Make Time Your Friend, A Lesson I Really Need Now!

Make Time Your Friend, A Lesson I Really Need Now!
From the moment we awake to the end of the day, we are constantly employed with the job of living. Depending on how smoothly time flows, our day might go extremely well or it might bump along until we cannot wait to end it, fall into bed! 
No matter what our day contains, how we have planned or didn’t plan a given day, and what our attitude is toward the day’s events—time is passing on.
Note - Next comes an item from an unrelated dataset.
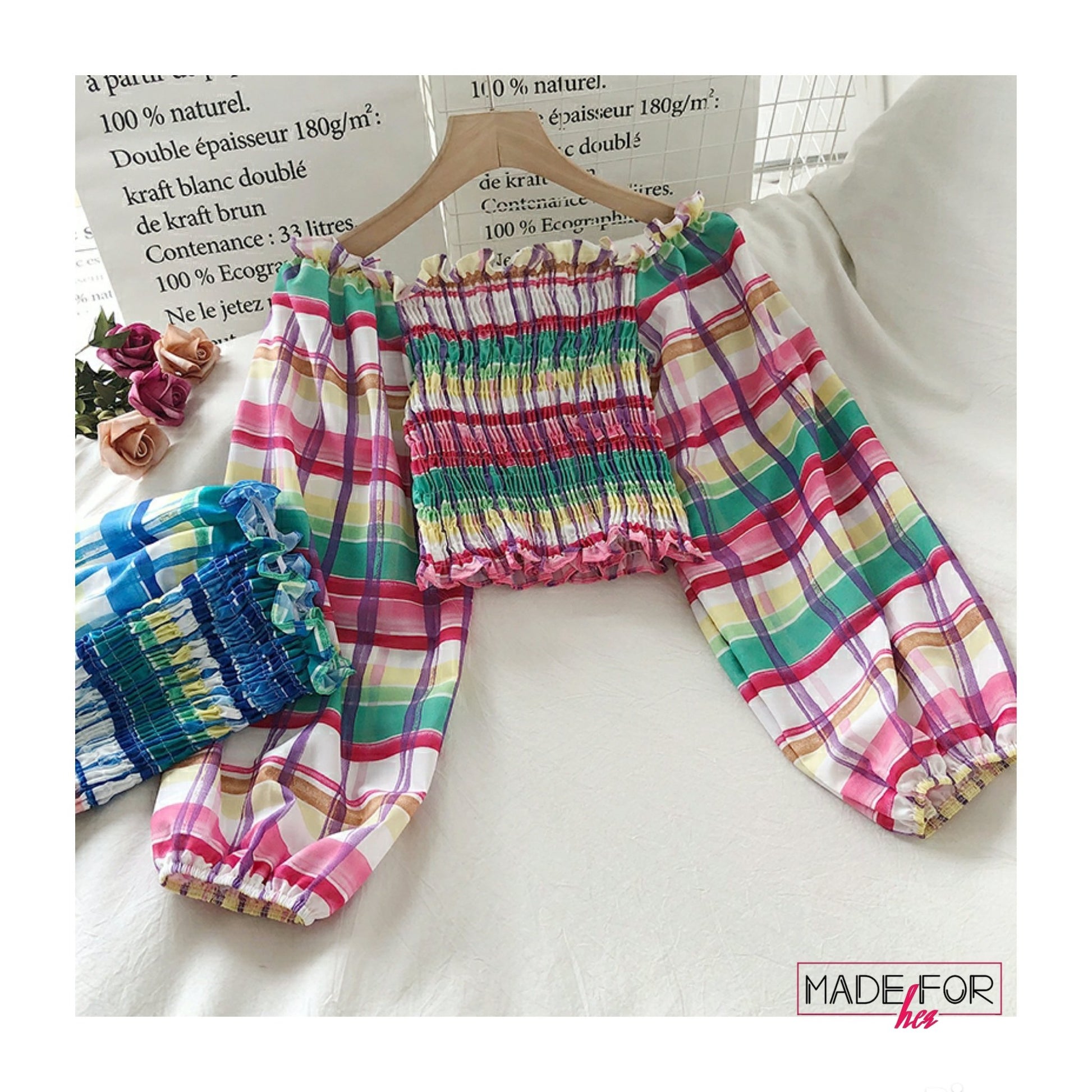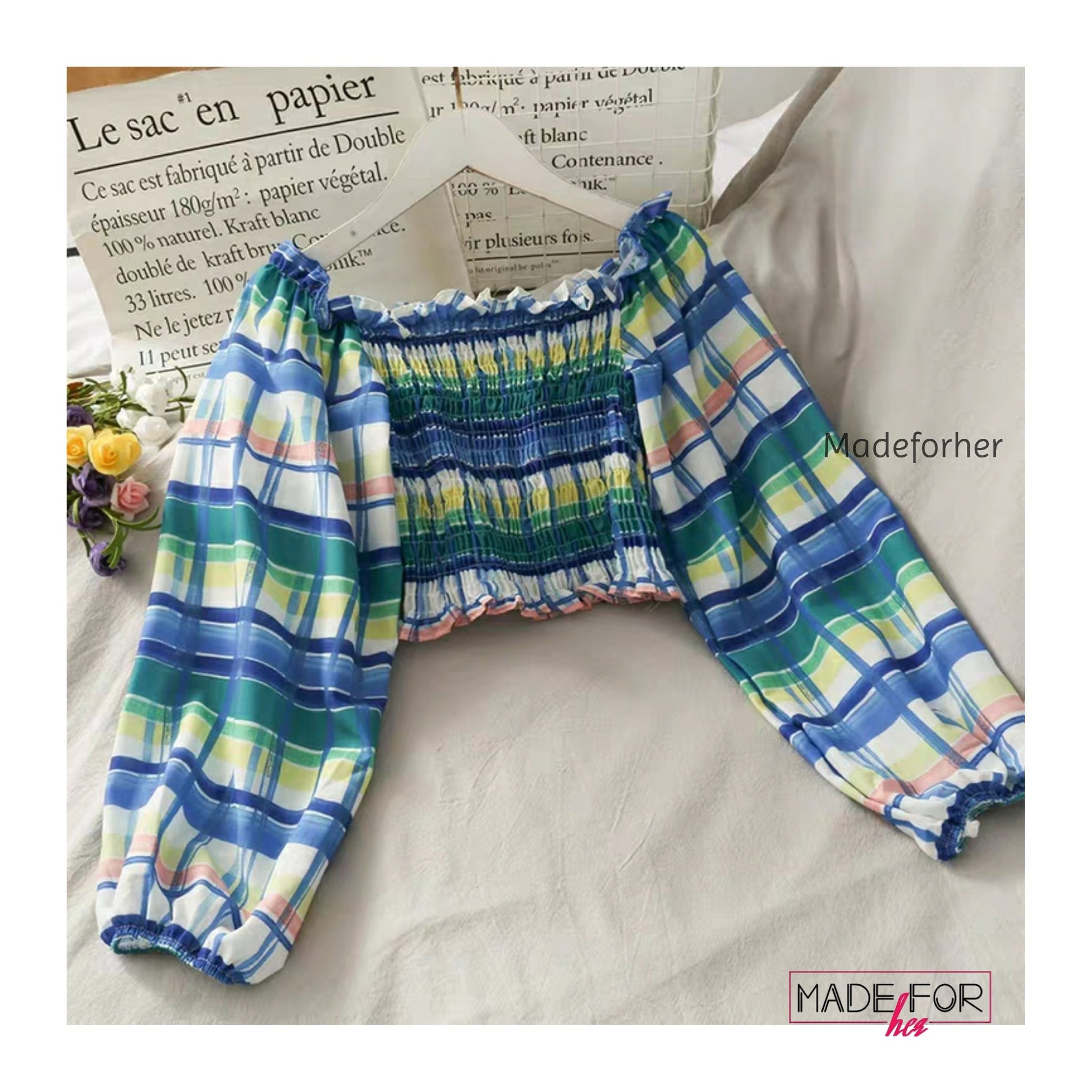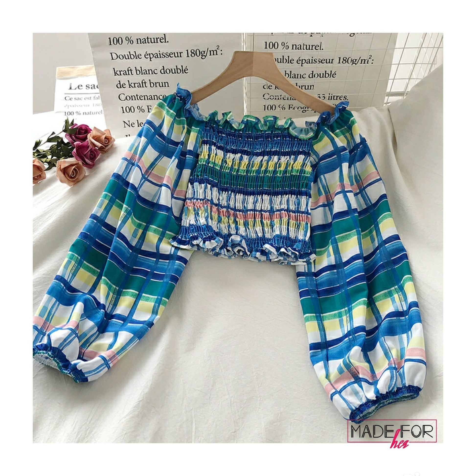 - Designed for the stylish and trendy, this Amanda Plaid Ruched Top is the perfect blend of sophistication and sassy. The off shoulder design and cropped length accentuate your figure, while the bold blue plaid pattern adds a touch of chic to any outfit. Take your fashion game to the next level with this must-have top.
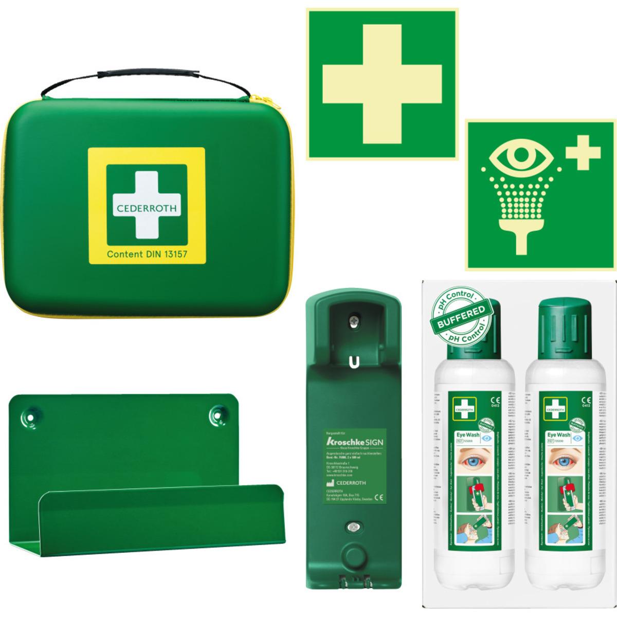 Vorteils-Set mit großem CEDERROTH Erste-Hilfe-Kit Large mit Wandhalterung und Füllung nach aktueller Norm zur Erstversorgung, CEDERROTH Augendusche und Wandhalterung sowie entsprechenden Rettungszeichen.

We are aging minute to minute:

• heart continually beating,


• gravity pulling on the body,


• the environment exposing us to damaging elements that could affect intricate organ systems and overall health.


We don’t think about these things as we rise from sleep, make breakfast, check email or simply begin the chores and obligations of the day. They vary greatly depending on whether there’s a job to drive to, a train or bus to catch, appointments and deadlines to keep or children to care for.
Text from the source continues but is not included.